▸ **ACTIVITY**
Return the whole listing unchanged. Drop the images.

▸ **GIVEN MATERIAL**
---------------
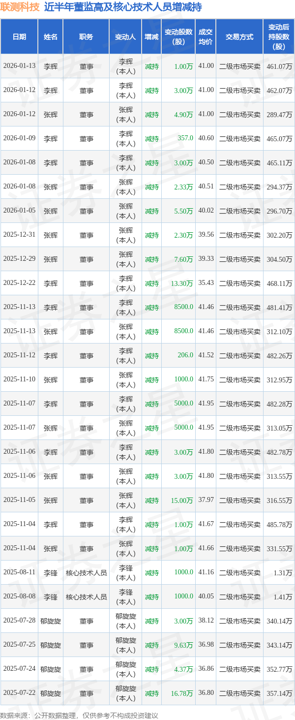 联测科技近半年内的董监高及核心技术人员增减持详情如下:
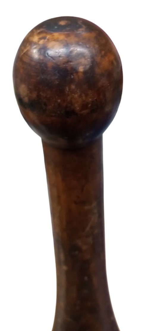 This is a vintage wooden bowling/juggling pin made by Spalding likely around the 1950s. Some marks and scratches are visible in places. This is a great item for any aspiring collector and is a perfect fit in any antique collection! This measures about 1" by 4" by 16".
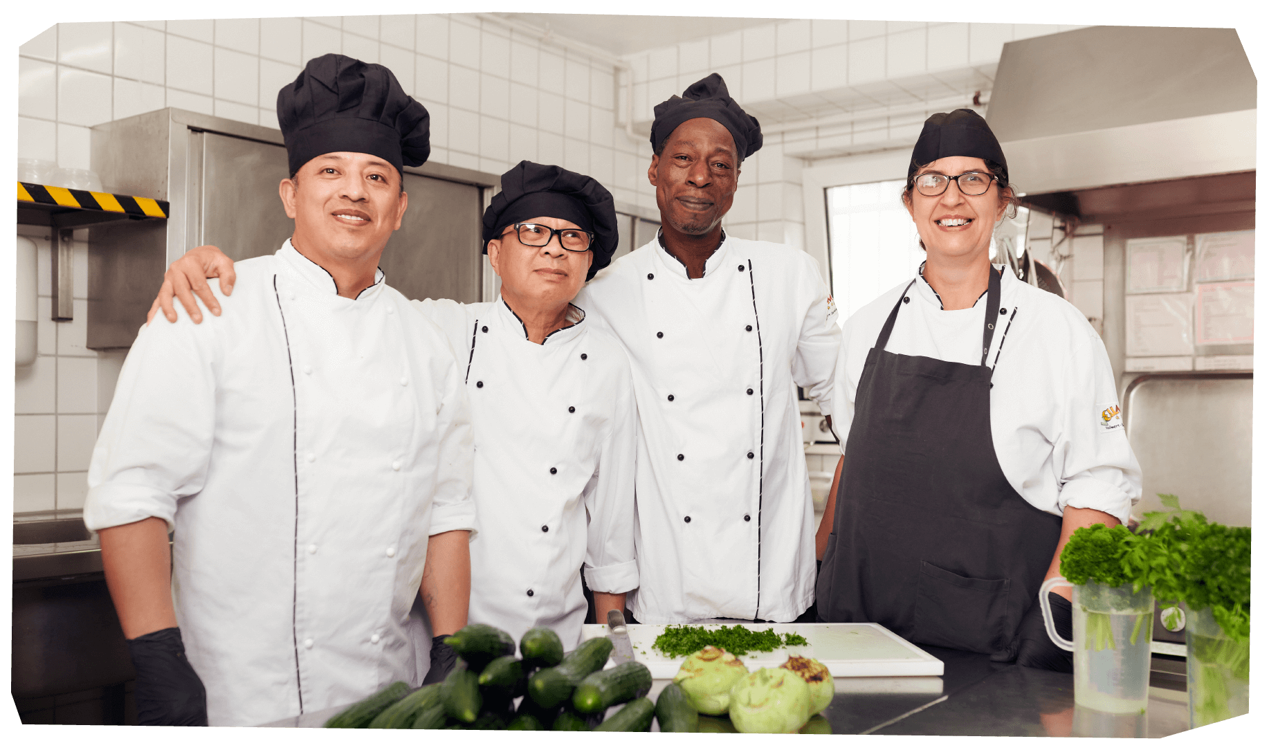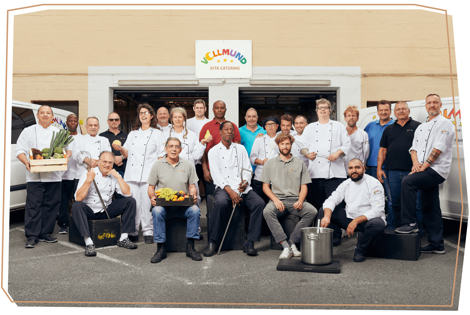 Das gesamte Team von VOLLMUND ist versammelt, um täglich Hamburgs Kindern gesundes Essen anzubieten.
---------------
▸ **SOLUTION**
 联测科技近半年内的董监高及核心技术人员增减持详情如下:
 This is a vintage wooden bowling/juggling pin made by Spalding likely around the 1950s. Some marks and scratches are visible in places. This is a great item for any aspiring collector and is a perfect fit in any antique collection! This measures about 1" by 4" by 16".
 Das gesamte Team von VOLLMUND ist versammelt, um täglich Hamburgs Kindern gesundes Essen anzubieten.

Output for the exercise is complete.